_YOUR TASK:_ Using the data below, output a verbatim copy of the lines between the one holding "- 包含 AI 网站创建工具、99.99% 运行时间 SLA、30 天退款保障" and the one holding "في هذه اللقكتين", inclusive, without any pictures.

_MATERIAL SHOWN:_
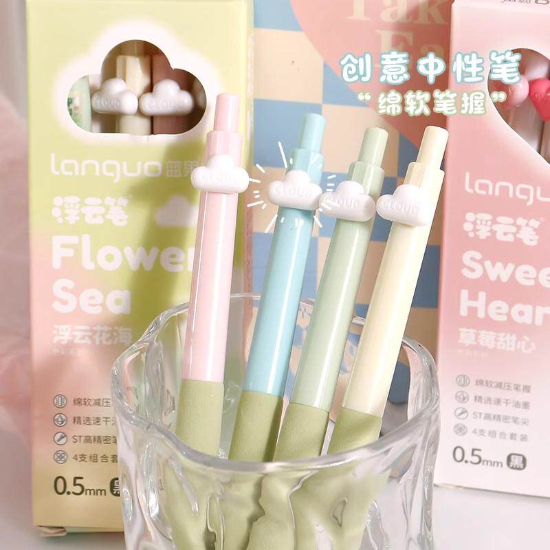 📚 爱心浮云笔ST头防疲劳按动中性笔少女心ins高颜值0.5速干刷题专用
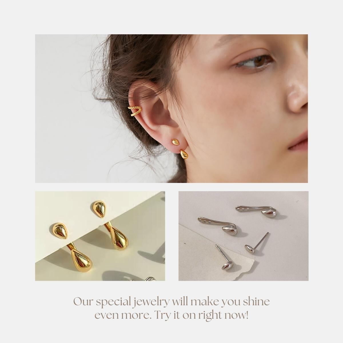 特徴:雫(しずく)耳たぶから滴り落ちる雫のようなデザインピアス。3つの穴があるので、耳たぶのサイズに合わせた微調整が可能。
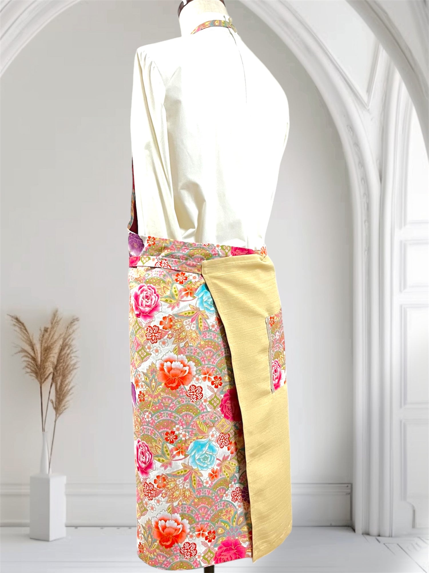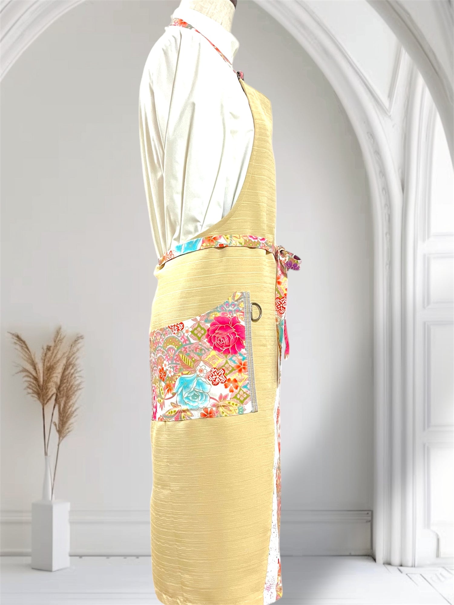 #218/発送30日以内 薄黄色と花爛漫文様 ぬれんがね 和モダンエプロン 紬クロス 綿素材プリント NURENGANE Japanese modern ,KIMONO pattern apron
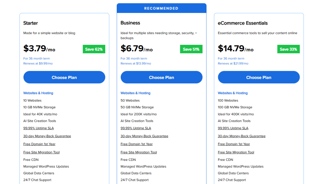- 包含 AI 网站创建工具、99.99% 运行时间 SLA、30 天退款保障
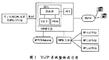 通過(guò)對(duì)國(guó)內(nèi)外VoIP技術(shù)的研究,要面向社會(huì)推廣價(jià)格低廉的IP電話業(yè)務(wù),普通用戶的電話終端成本,運(yùn)營(yíng)商的設(shè)備、管理成本都是必須考慮的因素。因此,設(shè)計(jì)出了一個(gè)VoIP系統(tǒng)方案,如圖1所示。
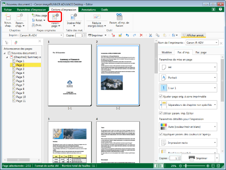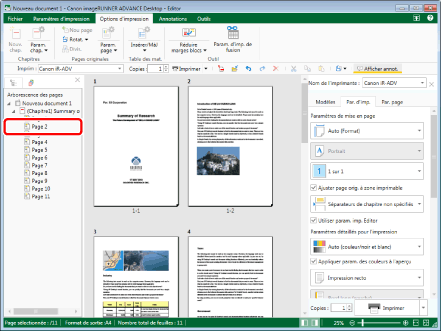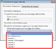 Il est également possible de cliquer avec le bouton droit de la souris sur la page dont les paramètres doivent être modifiés dans l'onglet [Arborescence des pages] de la Fenêtre de navigation et de sélectionner la source d'alimentation à définir dans [Alimentation papier pour les pages d'originaux].
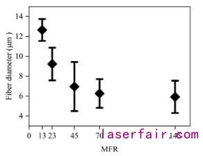 圖3.熔體(ti) 流速(MFR)對純低密度聚乙烯纖維直徑的影響
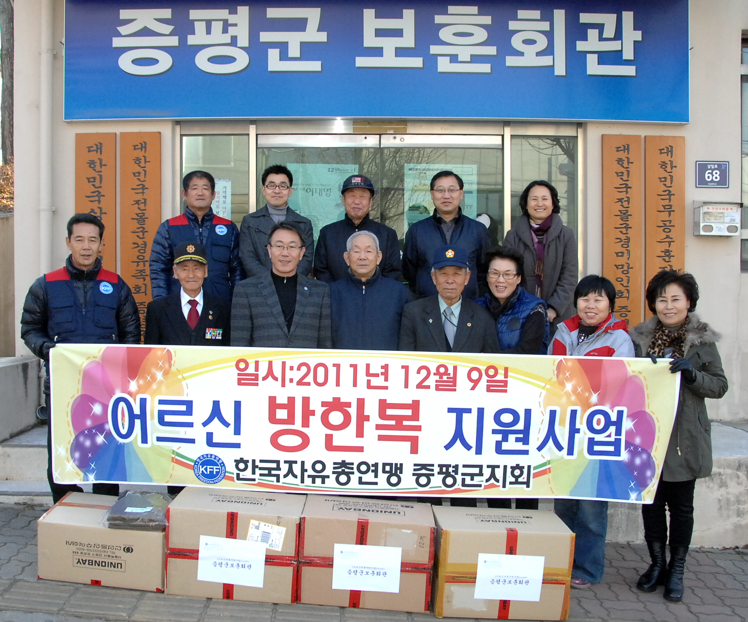 한국자유총연맹증평군지회(지회장 김덕중)는 9일 임원 및 회원 10여명이 참석한 가운데 지역 어르신들을 위한 목도리 지원 및 저소득 가정을 위한 사랑의 연탄나누기 행사를 실시했다. [보도자료실 참조]
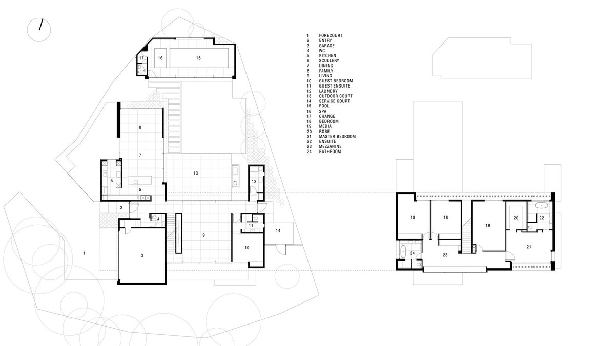 في هذه اللقكتين لاحظ يا عزيزي علاقة الفراغات الداخلية بالفناء وكيف تتصل به وكأنه جزء منه دون حجب للرؤية أو تدمير للعلاقات الوظيفية
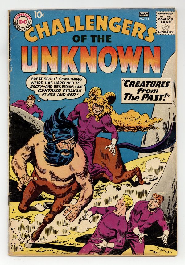 $33.00"The Prisoner of the Tiny Space Ball." The Challengers free an alien from confinement and then help him liberate his planet from a ruthless tyrant. "The Creatures from the Past." The Challengers, June Robinson, and a scientist search for the legendary Golden Fleece. Art and cover by Bob Brown. Cover price $0.10.
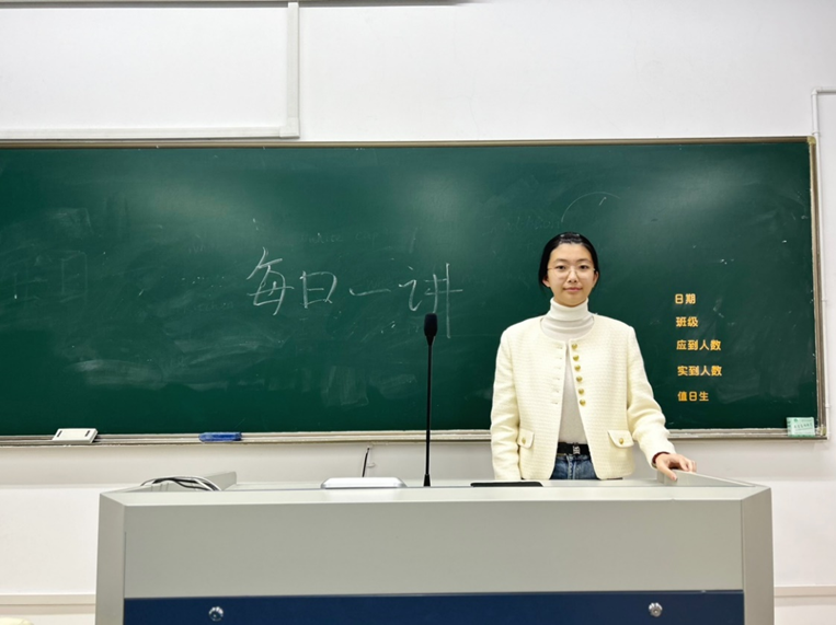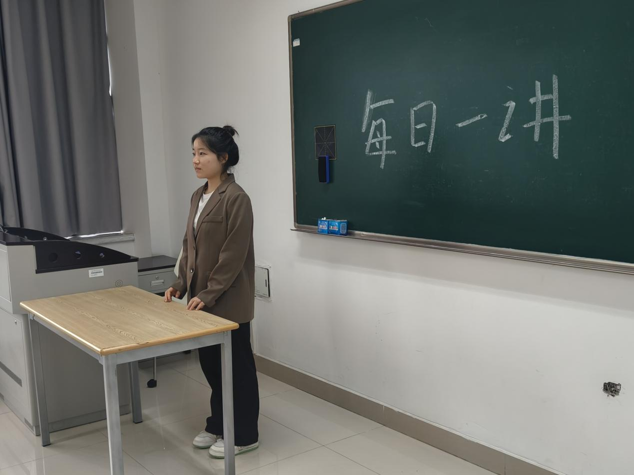2024年10月22日,在无码影片 仓前校区慎园1号楼教室中,吕兰心同学在课前向同学们做以“青春献礼祖国,奋进书写华章”为主题的每日一讲活动。
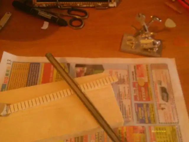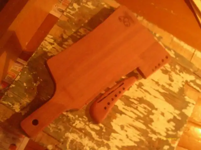 Потом из разделочной доски купленной в ближайшем хозмаге, изготовил подставку для струн:
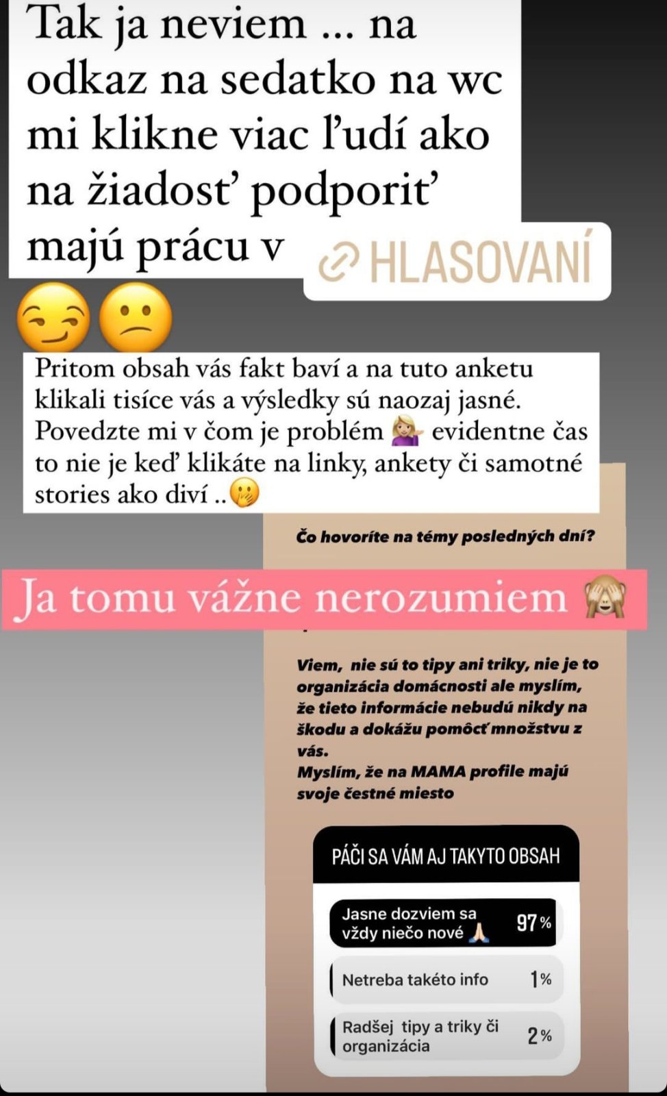 @katuskamala1 stale su zeny ktore si naozaj vedia zorganizovat zivot, a to ze daju na hodinu babke, neznamena ze maju opatrovatelku. Opatrovatelka je platena praca, nedava im ju lebo si ide na nechty, ci ku kadernicke, ci ide na cely den na welnes s kamoskami je to babka a dedo. Su zeny ktore si to zorganizovat vedia a na IG by boli za naozaj realne tip top zienky domace, ale oni sa radsej venuju inemu ako sa ukazovat pred celym svetom. Ako bolo trendy ukazovat ako sa tip-top, tak potom bolo trendy ukazovat ake je materstvo zlozite a tehotenstvo je tazke. Tak teraz je top ukazovat, ako vsetky cvicia, chodia po vyletoch a ich muzi sa nepozeraju po inych. No presne taka co zacinala s IG medzi prvymi ma toho muza, ktoreho stale vychvaluje do nebies, ale ked ona tehotna sa otocila chytal za rite ine. Ig je iluzia, aj ti co ukazovali niekedy realitu s tym prestali, ked zacali na tom viac zarabat, lebo vedia co na ich uctoch zaraba a ostatok je uplne zbytocne tam davat, lebo ked to potom nepozru ludia, zacnu ich preskakovat lebo ich to nezaujima a nakoniec im to kazi algoritmi.

_WRITTEN RESPONSE:_
- 包含 AI 网站创建工具、99.99% 运行时间 SLA、30 天退款保障
 通過(guò)對(duì)國(guó)內(nèi)外VoIP技術(shù)的研究,要面向社會(huì)推廣價(jià)格低廉的IP電話業(yè)務(wù),普通用戶的電話終端成本,運(yùn)營(yíng)商的設(shè)備、管理成本都是必須考慮的因素。因此,設(shè)計(jì)出了一個(gè)VoIP系統(tǒng)方案,如圖1所示。
 Il est également possible de cliquer avec le bouton droit de la souris sur la page dont les paramètres doivent être modifiés dans l'onglet [Arborescence des pages] de la Fenêtre de navigation et de sélectionner la source d'alimentation à définir dans [Alimentation papier pour les pages d'originaux].
 圖3.熔體(ti) 流速(MFR)對純低密度聚乙烯纖維直徑的影響
 한국자유총연맹증평군지회(지회장 김덕중)는 9일 임원 및 회원 10여명이 참석한 가운데 지역 어르신들을 위한 목도리 지원 및 저소득 가정을 위한 사랑의 연탄나누기 행사를 실시했다. [보도자료실 참조]
 في هذه اللقكتين لاحظ يا عزيزي علاقة الفراغات الداخلية بالفناء وكيف تتصل به وكأنه جزء منه دون حجب للرؤية أو تدمير للعلاقات الوظيفية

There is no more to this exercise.